Over the last financial year 346,992 people received three days' worth of emergency food compared to 61,468 in 2010/11, a report by the charity said.
It warned the sheer volume of people needing help was a "wake-up call to the nation" and claimed the impact of welfare reforms that came into force this month have already sparked a fresh increase in numbers passing through their doors.
Of those helped over the last year 126,889 were children and most recipients were working-age families, according to the Christian charity.
Its research found 30% of people helped were referred as a result of benefit delays and 15% because of benefit changes. Overall, the charity helped nearly 100,000 more people than it had anticipated.

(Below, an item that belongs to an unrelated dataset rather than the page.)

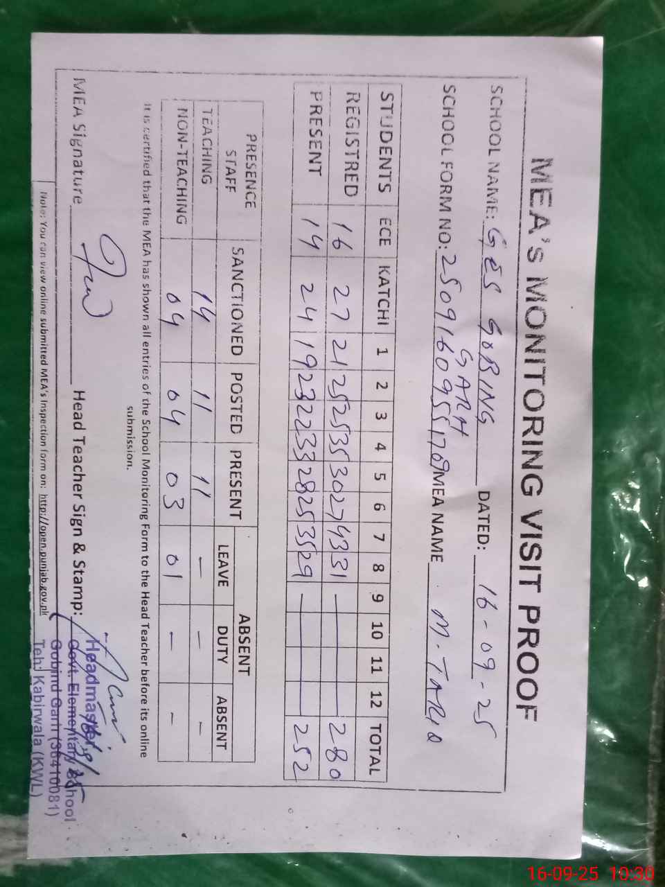 | EMIS Code: 36410081 | Name of School: GES GOBIND GARH, ABDUL HAKIM | |||
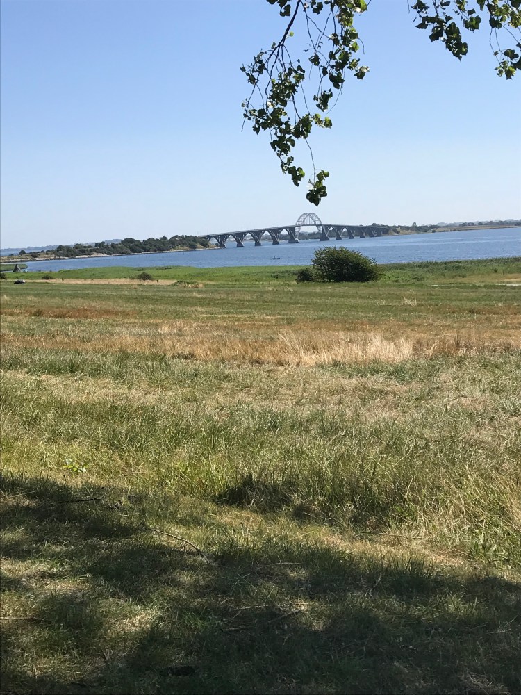 Nous approchons de Kalvehave où un pont permet de rejoindre l’île de Møn. Il se profile au loin. Franchir les ponts est parfois périlleux parce que la place réservée aux vélos est souvent (certains ponts sont anciens) très réduite et se croiser est difficile sinon impossible sans mettre pied à terre. Il faut naviguer et garder son équilibre entre balustrades en acier et séparation en béton.

Foodbank recipients are referred by doctors, social workers, schools liaison officers or advisers at the CAB and Jobcentre Plus.
The Trussell Trust said its figures "do not represent discreet individuals as some people will have experienced more than one crisis in a year" but added it was the charity's policy to limit support to three crises annually unless there are extenuating circumstances.
Chris Mould, the charity's executive chairman, said: "The sheer volume of people who are turning to foodbanks because they can't afford food is a wake-up call to the nation that we cannot ignore the hunger on our doorstep.
"Politicians across the political spectrum urgently need to recognise the real extent of UK food poverty and create fresh policies that better address its underlying causes.
"This is more important than ever as the impact of the biggest reforms to the welfare state since it began start to take effect."